Navigator supports a variety of open source LLMs, and is adding more all the time. Below is the current list of supported models with links to their Hugging Face model pages where you can learn more about each model’s strengths and weaknesses. Change the model you are training here:
For most use cases that require training or inference on consumer hardware, we recommend using a 7B parameter model. This is the sweet spot between model performance and size for consumer devices. All LLM features in Navigator work well with 7B parameter models.
Full List of Supported Models
Click on a model below to learn more on Hugging Face:
TinyLlama/TinyLlama-1.1B-Chat-v1.0
Parameters: 1.1 billion
Description: Optimized for lightweight deployment with efficient performance.
gradientai/Llama-3-8B-Instruct-262k
Parameters: 8 billion
Description: Fine-tuned on 262k instruction-following examples, ideal for complex tasks.
mlx-community/Meta-Llama-3-8B-Instruct
Parameters: 8 billion
Description: Available in 4-bit and 8-bit quantized versions, balancing size and performance.
mlx-community/gemma-1.1-2b-it-4bit
Parameters: 2 billion
Description: Designed for Italian language tasks with 4-bit precision, efficient for specialized usage.
mlx-community/Mixtral-8x22B-Instruct-v0.1-4bit
Parameters: 22 billion
Description: Multi-modal model supporting diverse instructional tasks, with 4-bit quantization for better efficiency.

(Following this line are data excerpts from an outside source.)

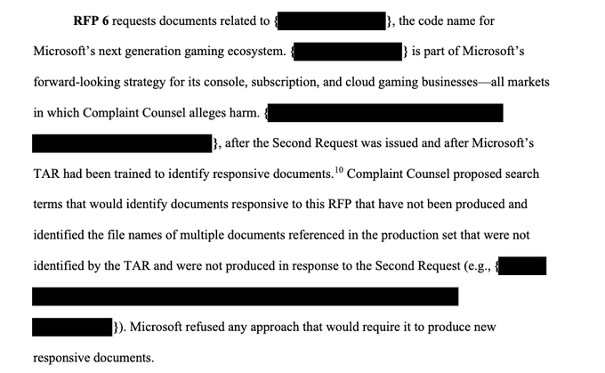 A dokumentumban feketével kihúzott helyek takarják az új konzol kódnevét, melyek elég hosszúak ahhoz, hogy megfeleljenek a Microsoft által használt standardnak (lásd a Project Scarlett és egyéb eseteket), szóval nem kizárt, hogy a redmondi óriás előbb kíván átlépni az új generációba, mint azt korábban gondoltuk volna.
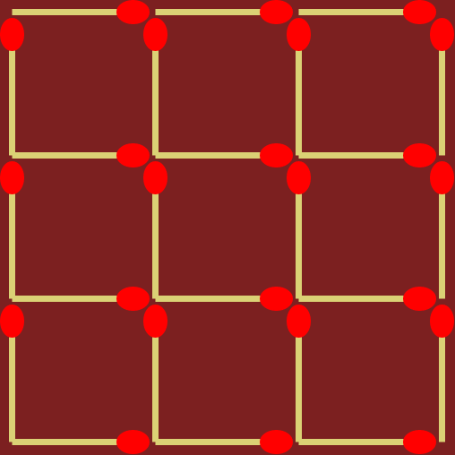 En partant de cette figure, comment obtenir trois carrés en enlevant huit allumettes ?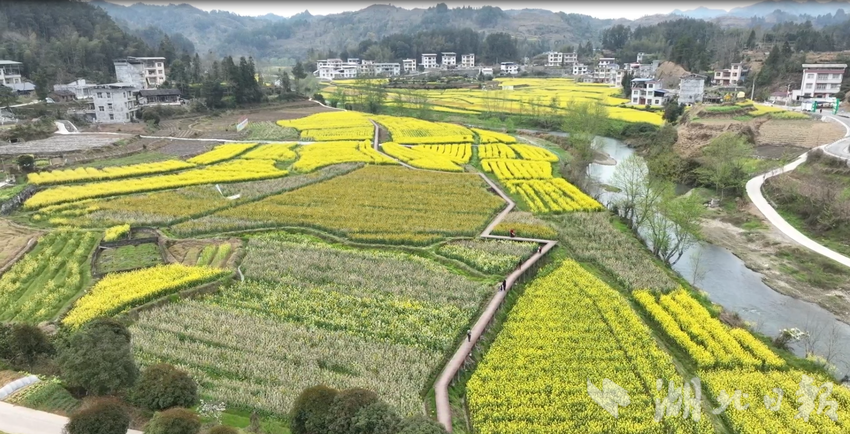 湖北日报客户端讯(通讯员周林)春风送暖,万物复苏。连日来,来凤县三胡乡安子堡村连片油菜花竞相绽放,金黄花海铺展田野,与青山、村舍、溪流相映成趣,构成一幅生机盎然的春日田园画卷,吸引众多市民游客前来踏青赏花、打卡拍照,共赴一场金色浪漫之约。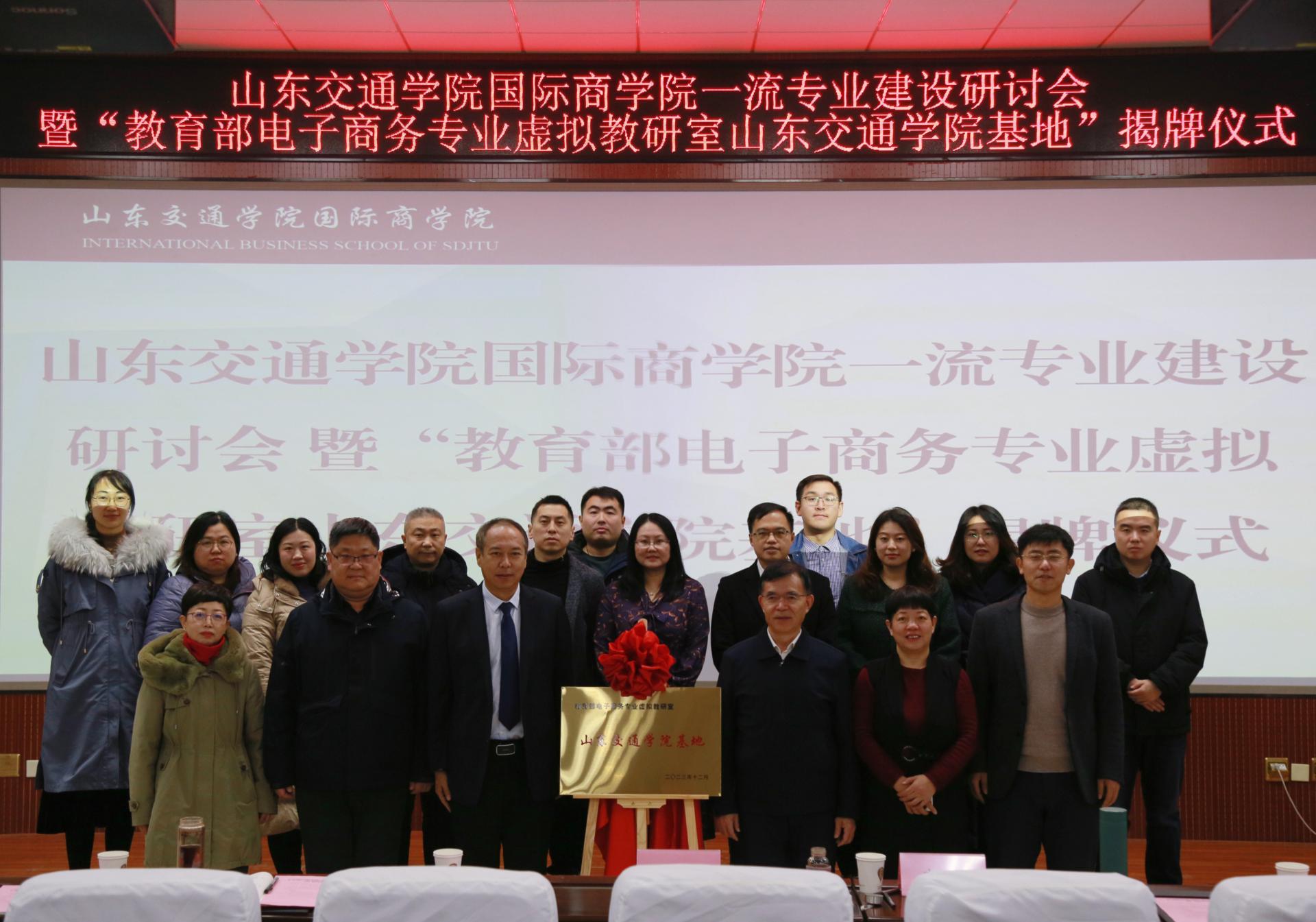 12月31日,国际商学院举行一流专业建设研讨会暨教育部电子商务专业虚拟教研室山东交通学院基地揭牌仪式,教育部高等学校电子商务类专业教学指导委员会副主任委员、教育部首批虚拟教研室建设试点——电子商务专业虚拟教研室带头人、西安交通大学二级教授李琪,电子商务类专业教学指导委员会副主任委员、厦门大学二级教授彭丽芳,我校国际商学院党委书记刘佳军、副院长孙龙,教务处副处长周兆欣参加活动。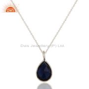 925 Sterling Silver Blue Corundum Bezel Setting Drop Earrings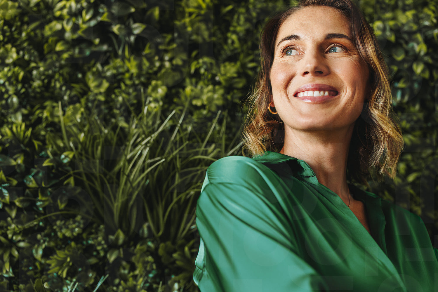 Woman smiling while contemplating creative ideas for launching an environmentally responsible business. Caucasian business professional standing in an office with a green interior design.
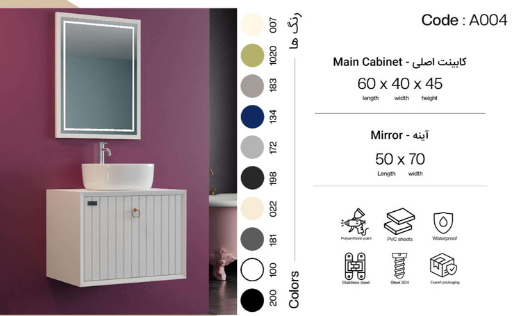 تمامی متریال استفاده شده در فول ست های روشویی ،ضد آب بوده

mlx-community/WizardLM2-8x22B-4bit-mlx
Parameters: 22 billion
Description: Advanced language model suitable for extensive instructional prompts, available in 4-bit format for reduced resource consumption.
mlx-community/Meta-Llama-3-70B-Instruct-4bit
Parameters: 70 billion
Description: One of the largest models in the Llama series, finely tuned for complex instructional tasks, with 4-bit optimization.
mlx-community/Phi-3-mini-4k-instruct
Parameters: Mini model optimized for 4k input sequences
Description: Available in 4-bit and 8-bit versions for versatile use in low-resource environments.
mlx-community/Phi-3-mini-128k-instruct
Parameters: Mini model fine-tuned on 128k instructions
Description: Supporting both 4-bit and 8-bit precision for flexible deployment.
mlx-community/OpenELM-270M-Instruct
Parameters: 270 million
Description: Ultra-lightweight model optimized for instructional tasks in resource-constrained environments.
mlx-community/OpenELM-450M-Instruct
Parameters: 450 million
Description: Slightly larger version for handling more complex tasks while maintaining efficiency.
mlx-community/OpenELM-1_1B-Instruct
Parameters: 1.1 billion
Description: Balances performance with efficiency, available in 4-bit and 8-bit quantizations for different use cases.
mlx-community/Qwen1.5-1.8B-Chat-4bit
Parameters: 1.8 billion
Description: Chat-oriented model optimized for conversational AI, available in 4-bit for resource efficiency.
mlx-community/Qwen1.5-0.5B-Chat-4bit
Parameters: 500 million
Description: Lightweight chat model designed for fast inference, available in 4-bit format.
mlx-community/Qwen1.5-7B-Chat-4bit
Parameters: 7 billion
Description: Mid-sized chat model providing a balance between performance and computational cost, in 4-bit format.
mlx-community/Qwen1.5-72B-Chat-4bit
Parameters: 72 billion
Description: High-end chat model for sophisticated conversational AI tasks, optimized in 4-bit for enhanced performance.
Maykeye/TinyLLama-v0
Parameters: Experimental
Description: Experimental version of TinyLLama, designed for ultra-low resource environments, focusing on efficiency over size.